(Given records Opens)

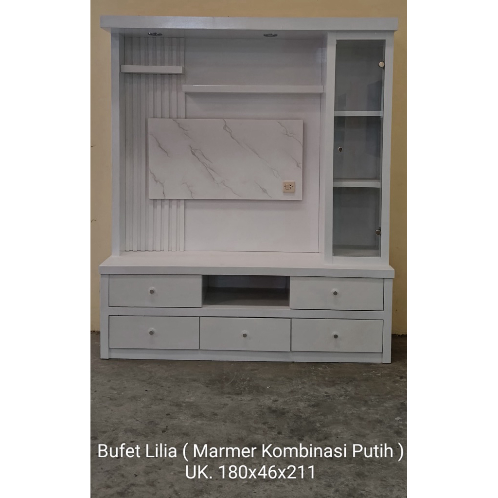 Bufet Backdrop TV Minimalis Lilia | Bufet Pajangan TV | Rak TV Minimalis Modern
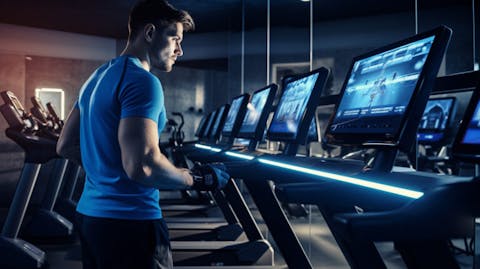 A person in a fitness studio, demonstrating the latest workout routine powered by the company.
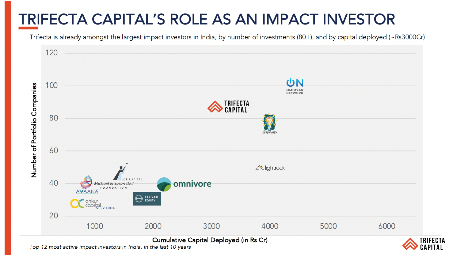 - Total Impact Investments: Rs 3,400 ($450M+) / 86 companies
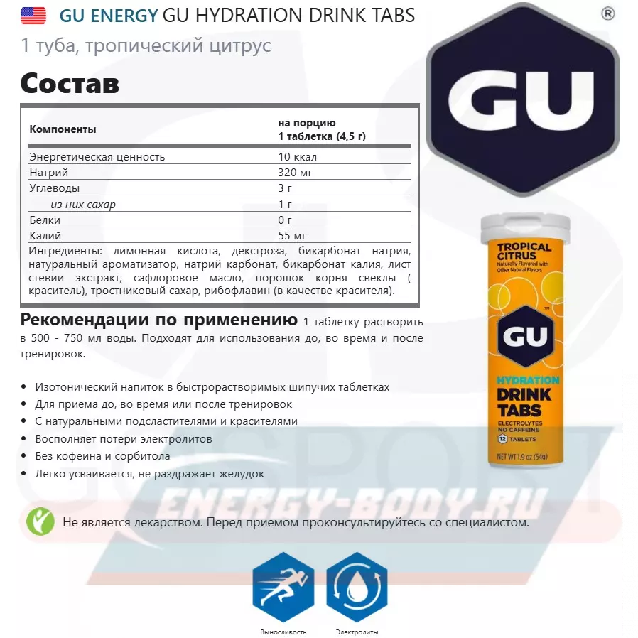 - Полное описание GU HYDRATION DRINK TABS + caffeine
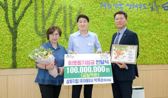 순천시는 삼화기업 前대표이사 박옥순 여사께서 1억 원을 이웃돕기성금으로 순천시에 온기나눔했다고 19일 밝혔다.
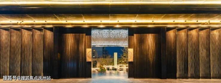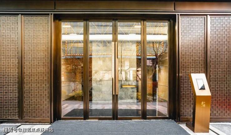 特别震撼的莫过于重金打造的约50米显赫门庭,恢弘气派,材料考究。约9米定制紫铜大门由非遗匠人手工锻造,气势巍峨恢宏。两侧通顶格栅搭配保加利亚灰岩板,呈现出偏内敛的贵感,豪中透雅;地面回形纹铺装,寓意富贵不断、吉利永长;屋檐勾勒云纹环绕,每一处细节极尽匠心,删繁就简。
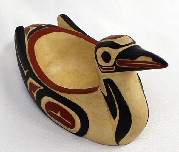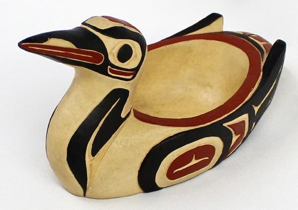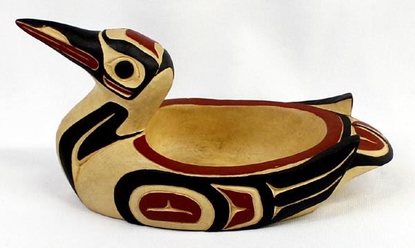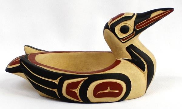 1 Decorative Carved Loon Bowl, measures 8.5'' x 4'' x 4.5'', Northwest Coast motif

(Given records Closes)

Required work:
Leaving out the pictures, please output the lines in the entries above from the one with "- Полное описание" through the one with "特别震撼的莫过于重金打造的约", exactly as they are.

Exercise result:
 - Полное описание GU HYDRATION DRINK TABS + caffeine
 순천시는 삼화기업 前대표이사 박옥순 여사께서 1억 원을 이웃돕기성금으로 순천시에 온기나눔했다고 19일 밝혔다.
 特别震撼的莫过于重金打造的约50米显赫门庭,恢弘气派,材料考究。约9米定制紫铜大门由非遗匠人手工锻造,气势巍峨恢宏。两侧通顶格栅搭配保加利亚灰岩板,呈现出偏内敛的贵感,豪中透雅;地面回形纹铺装,寓意富贵不断、吉利永长;屋檐勾勒云纹环绕,每一处细节极尽匠心,删繁就简。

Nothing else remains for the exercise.